Well, I ragged on Firefly a bit for having purple lightning in space, arcing, even, though I still love the show  (and hope it will come back *whimper*).

Armageddon was so terrible I don't even prefer to bother.



> Mistype.  I three-finger type (which is weird for a professional screenwriter, I know) and I flip b's and m's all the time.  All my "from"s come out "form"s, too actually, which spellcheck never catches.




I suspected so, sorry for the quip.  You are remarkably well informed on your writing, especially considering what can be said for a certain movie we've named above.



> Ayuh.  But living under one of those "eddies" would be a bitch.  We use colloquialisms for the audience but that's essentially what we say -- although once again, we're going on the assumption this is not a standard-case scenario.




It's what makes a movie, it seems.



> Speaking of junk science ...




There was a creationist getting his masters degree at SDSM&T (my school for awhile).  I'm constantly amazed at how such intelligent people can get... clouded.

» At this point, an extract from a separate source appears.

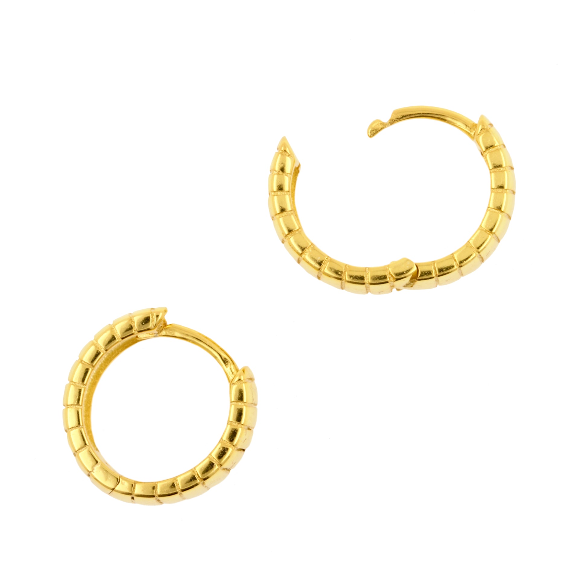 925 Silver Ear Hoops - Striped Bangle - Gold

> See, why couldn't the previous criticisms of the science been this literate?  Instead I got an idiot living in his mom's basement name-calling.




It's neat in that it seems that weapon would have harnessed entropy itself on a large scale, somehow.  That's like Heisenberg compensators and Warp Drive 

I might be more skepticle if I didn't live through the past ten years.



> Anyway, right again.  Geologic time isn't a factor here.  Who cares if tectonic instability occurs after we're all dead?
> 
> 
> > You don't know some of the geologists I do, it seems.
> ...


----------



## Fast Learner (Mar 28, 2003)

jonrog, did you catch Hilary Swank on The Daily Show last night? She was extremely positive about the film (well, yeah, she's promoting it), especially pointing out how cool she thought it was that the film was "putting the science back in science fiction."

Of course then she went on to explain how the electromagnetic field around the core of the Earth had stopped spinning. I guess she's not responsible for putting the science back in. 

I saw the film at a test screening here in AZ back in January. I really enjoyed it and definitely thought it was well written, especially the dialog. The actors were all excellent, as well, and the special effects were great.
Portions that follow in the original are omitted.